With the intimate mood set, a fellow walked on stage and propped up a lap steel guitar. He started playing some spooky western noir riffs for a minute or two before Sutherland and the other gentleman walked on stage to mass applause. With a raised hand to acknowledge the crowd, he sat down, picked up his acoustic, and started to strum. His cohort picked up a classic silver resonator guitar, and they started into a groove with Sutherland yelling out a “woo!” off to the side of the mic, which he frequently did.

“Ready to go / For tonight’s rodeo,” Sutherland sang in the chorus of this heartier, meatier country western tune that was reminiscent of 90s country. The song had a heavier anthemic vibe despite the three stringed instruments, but it was easy to envision heavy drums and bass propping it up. It flirted with a big bold sound, but never fully peaked it seemed.

Sutherland said it’d been a year and seven months since he’d played in front of an audience, and what better time and place to break the streak than AmericanaFest in Nashville. 

Sutherland, as one can imagine, was incredibly well-spoken and jovial between songs, and at one point discussed his first “love song.” 
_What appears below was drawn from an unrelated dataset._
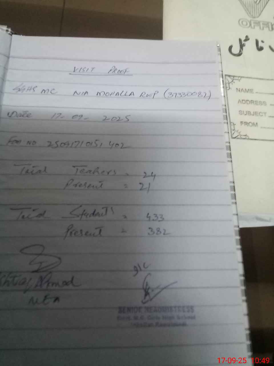 | Attendance Register | Head Teacher | MEA with School | Visit Proof |
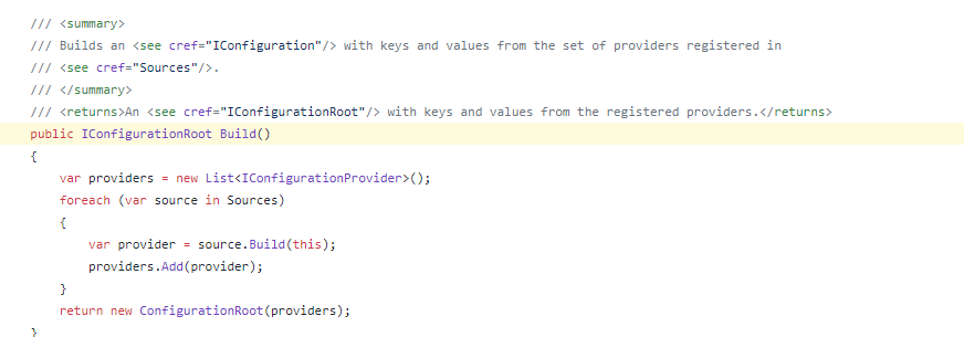 来看 ConfigurationBuilder 在 Build 的时候做了什么,ConfigurationBuilder 源码

“I was in the studio with my friends, and we were listening back to the song I was recording, and they were teasing me like, ‘Who’s the song about man? Who’s the girl? Come on, tell us!’ I just shook my head and didn’t tell them. Then they went out and had a smoke or a drink or whatever, and my 13-year-old daughter says to me, ‘Dad I know what that song is about. It’s not about a woman, it’s about that stupid bar you always go to.’ It was then that I found out my 13-year-old daughter was smarter than my friends,” he said with the audience letting out a chuckle. He then went on to give a shout out to the Los Angeles bar, and then kicked into “Can’t Stay Away.”

He proceeded to play through a number of contemporary country songs, often about being alone, not being alone, the rain, mistakes, and the like. The usual heartbroken cowboy stuff more or less, which for me is usually most welcome. But had he not been who he is, it’s anybody’s guess how much of an impact the music would have. But the guy is undoubtedly inspired one way or another.

He spoke of his deep admiration for the legends like Cash, Jennings, Nelson, Kristofferson, and so on, and it was evident in listening to his music. It definitely helped that he had his flanked bandmates assist in lifting the songs to new heights. 

Sutherland discussed being born in London, raised in Toronto, and moving to California as a kid only to go back to Canada. He mentioned the back and forth, but he claims Toronto as his home. This was the setup for the title track of his upcoming album, Bloor Street, which is set to release in January, while the single drops tomorrow, October 1st.

It was undoubtedly entertaining to watch the former 24 and Lost Boys star share his newfound passion, and he had a fluid contemporary country sound to him, but I couldn’t help but wonder how other country artists might feel about it.